An analyst has valued a company using the free cash flow valuation model.

 

The analyst used the following data in determining the value:

   • Estimated free cashflow in 1 year's time = $100,000

   • Estimated growth in free cashflow after the first year = 5% each year indefinitely

   • Appropriate cost of equity = 10% 

The result produced by the analyst was as follows:

Value of equity = $100,000 (1+0.05)/0.10 = $1,050,000

The analyst made a number of errors in determining the value. 

 

By how much has the analyst undervalued the company?

Options:

A.

$950,000

B.

$2,000,000

C.

$2,100,000

D.

$1,050,000

Question 3

A company based in Country D, whose currency is the D$, has an objective of maintaining an operating profit margin of at least 10% each year. 

 

Relevant data:

   • The company makes sales to Country E whose currency is the E$. It also makes sales to Country F whose currency is the F$. 

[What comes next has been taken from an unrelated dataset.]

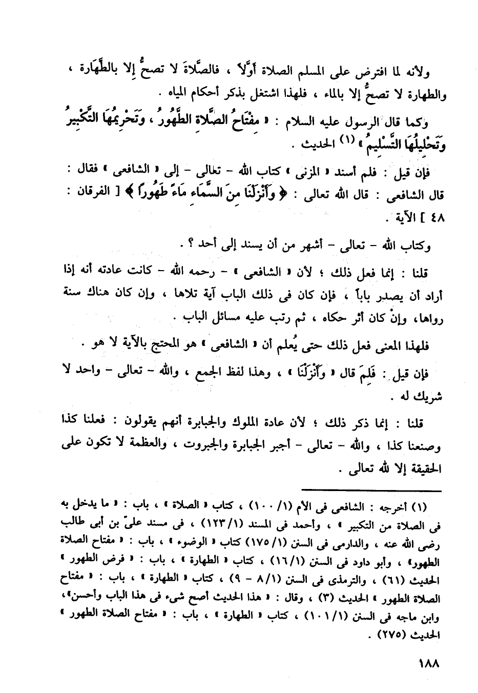 فإن قيل: فلم أسند المزني كتاب الله تعالى إلى الشافعي فقال: قال الشافعي: قال الله تعالى: وأنزلنا من السماء ماء طهورًا. الاية.
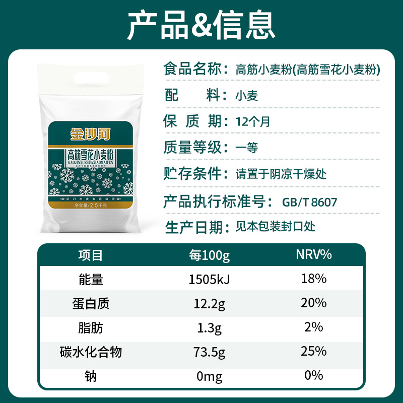金沙河高筋面粉家用雪花粉通用麦香小麦粉包子馒头西点烙饼水饺面

   • All purchases are from Country G whose currency is the G$.

   • The settlement of all transactions is in the currency of the customer or supplier.

 

Which of the following changes would be most likely to help the company achieve its objective?

Options:

A.

The D$ strengthens against the E$ over time. 

B.

The F$ weakens against the D$ over time.

C.

The D$ strengthens against the G$ over time.

D.

The D$ weakens against the G$ over time.